[BioRuby] GSoC week 2 status report

Mon May 21 11:50:18 EDT 2012

Hi all,

Here's my report on last week's work:

http://csw.github.com/bioruby-maf/blog/2012/05/21/week_2_progress/

This was my second week of work on my GSoC project, and the last week of the ‘community bonding’ period before the official start of coding. A major focus of mine was BioRuby’s phyloXML support; it uses libxml, which has been causing unit test failures under JRuby. In the end, the best course of action seemed to separate the phyloXML support as a separate plugin, which I have done as the bio-phyloxml gem. This will remove BioRuby’s dependency on XML libraries entirely and that JRuby issue along with it. At the same time, users of the phyloXML code should be able to continue using it with no substantive changes.

Separately, I began porting this phyloXML code to use Nokogiri instead of libxml-ruby, but ran into difficulties with this effort. While it is possible, and the library APIs are very similar, the code uses relatively low-level XML processing APIs in ways that seem to be sensitive to subtle differences in text node and namespace semantics between the two libraries. Substantial restructuring of the code and the addition of quite a few unit tests might be necessary to carry out such a port with confidence that the resulting code would work well.

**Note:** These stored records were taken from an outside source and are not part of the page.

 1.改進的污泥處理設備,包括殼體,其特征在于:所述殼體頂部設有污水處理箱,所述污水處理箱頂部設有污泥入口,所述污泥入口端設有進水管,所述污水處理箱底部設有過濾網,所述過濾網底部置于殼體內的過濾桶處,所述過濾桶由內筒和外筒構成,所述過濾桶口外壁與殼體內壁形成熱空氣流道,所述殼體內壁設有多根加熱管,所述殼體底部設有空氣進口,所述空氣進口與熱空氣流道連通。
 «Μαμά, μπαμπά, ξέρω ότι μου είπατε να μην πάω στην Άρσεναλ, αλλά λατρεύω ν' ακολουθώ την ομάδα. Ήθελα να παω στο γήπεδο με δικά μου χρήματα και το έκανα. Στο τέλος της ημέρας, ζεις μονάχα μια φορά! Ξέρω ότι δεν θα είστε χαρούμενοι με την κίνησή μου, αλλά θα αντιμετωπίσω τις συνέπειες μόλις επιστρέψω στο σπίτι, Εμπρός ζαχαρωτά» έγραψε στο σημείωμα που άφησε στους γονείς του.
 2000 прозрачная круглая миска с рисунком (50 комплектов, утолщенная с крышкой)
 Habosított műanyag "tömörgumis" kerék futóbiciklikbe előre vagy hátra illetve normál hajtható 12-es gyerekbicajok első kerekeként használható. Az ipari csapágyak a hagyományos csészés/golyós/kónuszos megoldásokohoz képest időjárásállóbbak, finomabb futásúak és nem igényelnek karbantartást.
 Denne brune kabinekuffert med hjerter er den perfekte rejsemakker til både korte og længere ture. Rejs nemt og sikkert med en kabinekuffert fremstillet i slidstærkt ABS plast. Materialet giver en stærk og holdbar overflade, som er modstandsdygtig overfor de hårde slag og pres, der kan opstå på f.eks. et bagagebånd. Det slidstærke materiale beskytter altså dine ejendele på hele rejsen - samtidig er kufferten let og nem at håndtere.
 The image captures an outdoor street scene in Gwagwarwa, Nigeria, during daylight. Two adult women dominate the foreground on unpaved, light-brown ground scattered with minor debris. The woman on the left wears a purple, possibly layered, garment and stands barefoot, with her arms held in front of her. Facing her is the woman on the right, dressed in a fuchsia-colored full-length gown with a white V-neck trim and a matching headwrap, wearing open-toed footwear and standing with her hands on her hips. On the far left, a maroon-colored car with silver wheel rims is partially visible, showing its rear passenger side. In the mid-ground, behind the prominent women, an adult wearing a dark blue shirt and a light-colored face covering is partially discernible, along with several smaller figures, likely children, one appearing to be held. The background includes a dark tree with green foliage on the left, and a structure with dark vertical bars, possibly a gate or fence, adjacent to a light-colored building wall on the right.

Also, someone else submitted a JRuby patch for JRUBY-6658, one of the major causes of BioRuby’s unit test failures with JRuby; once a fix is integrated, we’ll be close to having all the tests passing under JRuby.

I identified another JRuby bug, JRUBY-6666, causing several unit test failures. This one affects BioRuby’s code for running external commands, so it would be likely to be encountered in production use. For this one, I also worked up a patch.

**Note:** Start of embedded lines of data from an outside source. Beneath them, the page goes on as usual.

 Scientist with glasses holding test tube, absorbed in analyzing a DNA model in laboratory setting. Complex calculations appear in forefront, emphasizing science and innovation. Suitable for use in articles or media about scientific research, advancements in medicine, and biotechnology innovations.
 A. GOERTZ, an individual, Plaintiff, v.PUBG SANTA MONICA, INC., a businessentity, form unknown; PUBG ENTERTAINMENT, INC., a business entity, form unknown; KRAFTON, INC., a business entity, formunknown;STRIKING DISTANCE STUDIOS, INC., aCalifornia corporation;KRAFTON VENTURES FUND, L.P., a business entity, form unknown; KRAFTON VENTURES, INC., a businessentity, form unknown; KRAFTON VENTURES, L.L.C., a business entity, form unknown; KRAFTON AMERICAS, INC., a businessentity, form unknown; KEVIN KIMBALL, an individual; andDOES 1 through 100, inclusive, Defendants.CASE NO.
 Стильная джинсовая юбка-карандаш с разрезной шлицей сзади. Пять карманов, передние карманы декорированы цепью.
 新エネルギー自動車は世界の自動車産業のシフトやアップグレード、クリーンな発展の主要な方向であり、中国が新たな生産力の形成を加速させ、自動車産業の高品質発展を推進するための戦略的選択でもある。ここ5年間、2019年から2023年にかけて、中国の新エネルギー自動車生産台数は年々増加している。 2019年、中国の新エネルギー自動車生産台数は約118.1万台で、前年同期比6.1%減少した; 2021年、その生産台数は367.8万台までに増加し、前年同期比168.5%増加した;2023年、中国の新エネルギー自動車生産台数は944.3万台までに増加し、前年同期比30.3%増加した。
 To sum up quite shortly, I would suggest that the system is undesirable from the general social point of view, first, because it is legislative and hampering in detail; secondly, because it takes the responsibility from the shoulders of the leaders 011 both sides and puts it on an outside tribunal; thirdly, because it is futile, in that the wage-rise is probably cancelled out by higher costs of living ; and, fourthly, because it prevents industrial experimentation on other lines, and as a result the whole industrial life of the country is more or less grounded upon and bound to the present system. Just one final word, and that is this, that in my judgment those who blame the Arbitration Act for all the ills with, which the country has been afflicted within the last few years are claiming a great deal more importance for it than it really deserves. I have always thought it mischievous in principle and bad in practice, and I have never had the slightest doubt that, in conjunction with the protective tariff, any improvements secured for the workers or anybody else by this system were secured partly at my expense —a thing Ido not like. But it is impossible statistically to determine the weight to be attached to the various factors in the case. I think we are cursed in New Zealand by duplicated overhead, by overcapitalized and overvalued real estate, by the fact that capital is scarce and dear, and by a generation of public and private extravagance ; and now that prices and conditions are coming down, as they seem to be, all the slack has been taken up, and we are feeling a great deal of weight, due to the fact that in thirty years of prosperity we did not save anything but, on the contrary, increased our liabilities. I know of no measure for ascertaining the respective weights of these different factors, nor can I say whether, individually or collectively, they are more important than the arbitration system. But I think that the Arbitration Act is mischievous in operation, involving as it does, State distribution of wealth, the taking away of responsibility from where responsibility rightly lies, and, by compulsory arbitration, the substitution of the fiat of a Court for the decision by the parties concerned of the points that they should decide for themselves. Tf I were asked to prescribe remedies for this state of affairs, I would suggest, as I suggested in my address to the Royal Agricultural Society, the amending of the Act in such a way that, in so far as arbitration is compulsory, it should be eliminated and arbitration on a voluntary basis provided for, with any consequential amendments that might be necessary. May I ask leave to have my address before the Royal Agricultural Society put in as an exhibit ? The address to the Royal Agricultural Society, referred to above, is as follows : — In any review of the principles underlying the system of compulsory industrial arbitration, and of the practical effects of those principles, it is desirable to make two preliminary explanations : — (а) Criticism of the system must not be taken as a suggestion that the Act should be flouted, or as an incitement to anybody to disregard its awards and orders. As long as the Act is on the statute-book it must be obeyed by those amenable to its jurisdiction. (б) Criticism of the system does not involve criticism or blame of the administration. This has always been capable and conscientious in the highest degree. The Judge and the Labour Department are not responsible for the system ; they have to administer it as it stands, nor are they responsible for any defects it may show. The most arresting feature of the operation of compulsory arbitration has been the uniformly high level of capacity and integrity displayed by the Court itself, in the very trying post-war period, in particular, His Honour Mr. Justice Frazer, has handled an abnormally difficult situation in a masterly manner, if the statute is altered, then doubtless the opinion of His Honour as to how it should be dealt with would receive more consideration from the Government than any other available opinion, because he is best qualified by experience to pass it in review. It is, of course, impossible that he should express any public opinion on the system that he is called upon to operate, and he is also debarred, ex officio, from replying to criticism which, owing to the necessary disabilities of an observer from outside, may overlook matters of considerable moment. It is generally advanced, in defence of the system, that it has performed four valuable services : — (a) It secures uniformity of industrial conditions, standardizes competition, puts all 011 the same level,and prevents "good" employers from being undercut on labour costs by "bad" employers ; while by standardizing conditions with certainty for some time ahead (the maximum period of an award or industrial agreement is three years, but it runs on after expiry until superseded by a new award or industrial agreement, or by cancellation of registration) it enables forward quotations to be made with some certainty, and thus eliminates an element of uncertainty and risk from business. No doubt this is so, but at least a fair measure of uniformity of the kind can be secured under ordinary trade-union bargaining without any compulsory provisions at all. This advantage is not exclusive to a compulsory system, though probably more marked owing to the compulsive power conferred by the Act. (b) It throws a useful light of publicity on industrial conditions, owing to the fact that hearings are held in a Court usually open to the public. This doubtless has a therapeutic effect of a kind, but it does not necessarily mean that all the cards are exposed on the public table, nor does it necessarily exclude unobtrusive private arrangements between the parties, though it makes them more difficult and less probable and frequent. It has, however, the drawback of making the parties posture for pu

I also spent some time preparing a performance testing environment, for evaluating existing MAF implementations as well as my own. This will be important, since I will be considering the use of an existing C parser. I will also want to ensure that the performance of my code is competitive with the alternatives. Lacking any hardware more powerful than a MacBook Air, I am setting this up with Amazon EC2. To simplify environment setup, I’ll be using Chef. I’ve already set up a Chef repository with configuration logic, and some rudimentary code to streamline launching Ubuntu machines on EC2 and bootstrapping a Chef environment. To save money, I plan to make use of EC2 Spot Instances, which are perfect for instances that only need to run for a few hours for batch tasks.

Clayton Wheeler
cswh at umich.edu